Indexing Subkey Inside Subkey in JSONB in PostgreSQL

indexindex-tuningjsonpostgresql

I have a jsonb field registration that contains an array of objects. I need to create two separates indexes to look for id, by example:

d61802ff-3eec-4a72-97ca-832f51b96bf0 = [ .tour_id.id ]
f492b26d-d260-4bcb-8e96-6532fdf38665 = [ .customer_id.id ]
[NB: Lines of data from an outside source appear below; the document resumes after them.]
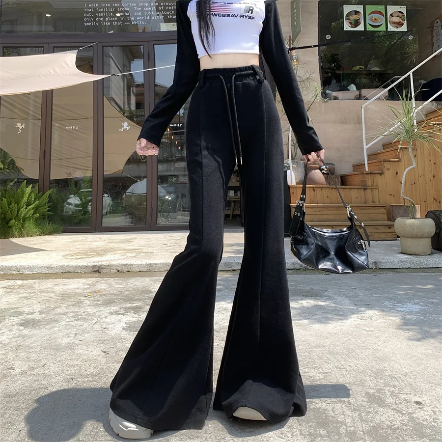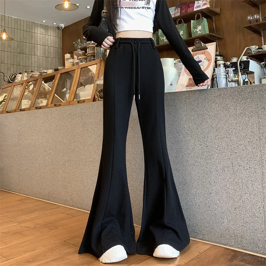 New China Spring and autumn new big horn bell bottoms high waist sagging feeling women leisure sports pants
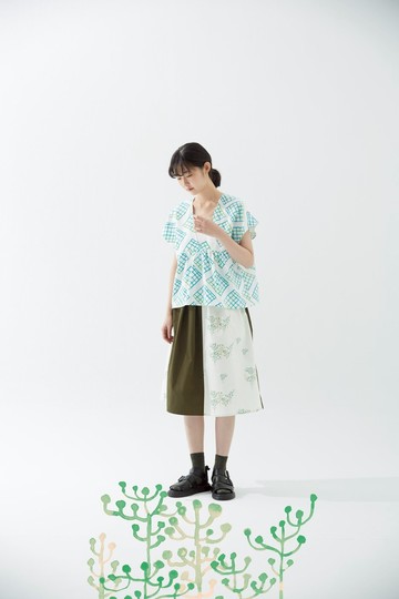 y1,hsuan X 紅林 獨家印花布系列 拼接摺裙tree
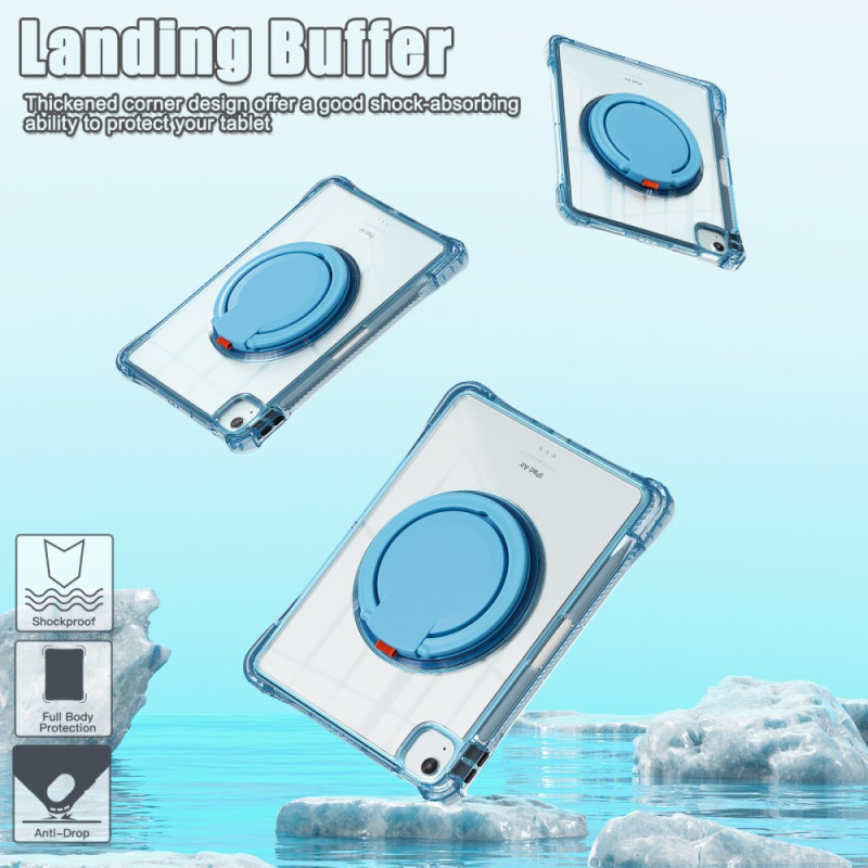 Discover our versatile case for iPad Air 11 (2025) (2024)/Air (2022) (2020)/ Pro 11 (2022) (2021) (2020) (2018), featuring a 360° rotating handle, full body protection, shock-absorbing corners, adjustable stand, clear acrylic back and adjustable nylon shoulder strap.

Example data (I have more keys and arrays, but it's a resume)

[
   {
    "tour_id":
      {
        "id":"d61802ff-3eec-4a72-97ca-832f51b96bf0",
        "name":"Paris  2018"
      },
    "customer_id":
      {
        "id":"f492b26d-d260-4bcb-8e96-6532fdf38665",
        "name":"OBAMA John"
      }
   },
   {
    "tour_id":
      {
        "id":"a52d38d4-9bfb-4ffa-1122-e536f04b0c60",
        "name":"London  2018"
      },
    "customer_id":
      {
        "id":"f492b26d-d260-4bcb-8e96-6532fdf38665",
        "name":"OBAMA John"
      }
   }
]

How to index by [array].customer_id.id?
Or is there a method to index by subkey.subkey? Or deeper nested subkey?

I'm using Postgres 9.6.

Best Answer

First off, I would consider a normalized DB design instead of the convoluted jsonb column, which makes indexing and complex queries harder.

How to index by [array].customer_id.id?

See my answer to your previous question:

You could have two GIN indexes like instructed there, one on tour_id, another one on customer_id, or a single multicolumn index, and then query:

SELECT * FROM tbl
WHERE  f_extract_tour_ids(registration)     @> '{d61802ff-3eec-4a72-97ca-832f51b96bf0}'::uuid[]
AND    f_extract_customer_ids(registration) @> '{f492b26d-d260-4bcb-8e96-6532fdf38665}'::uuid[];

Note, this returns rows with tour_id and customer_id matching in any top-level object of the array, not necessarily in the same. If you want to find rows where tour_id and customer_id match in the same object, you have to do more ...

jsonb_path_ops index

However, with a growing number of different queries (requiring multiple special indexes), a single generic (much bigger) jsonb_path_ops index on the whole column becomes more competitive. Or even one with the default operator class operator class jsonb_ops - which is bigger, yet.

CREATE INDEX foo ON tbl USING GIN (registration jsonb_path_ops);

Queries to go with it:

For rows with tour_id and customer_id matching in the same top-level object:

SELECT * FROM tbl
WHERE  registration @> '[{"tour_id": {"id": "d61802ff-3eec-4a72-97ca-832f51b96bf0"}
                        , "customer_id": {"id": "f492b26d-d260-4bcb-8e96-6532fdf38665"}}]';

For rows with tour_id and customer_id matching in any top-level object, not necessarily the same:

SELECT * FROM tbl
WHERE  registration @> '[{"tour_id": {"id": "d61802ff-3eec-4a72-97ca-832f51b96bf0"}}
                       , {"customer_id":{"id":"f492b26d-d260-4bcb-8e96-6532fdf38665"}}]';

This solution is slower because of the much bigger index carrying all the other noise in your jsonb column. But it is much more versatile and simpler.
If the first solutions make your head ache, use this one.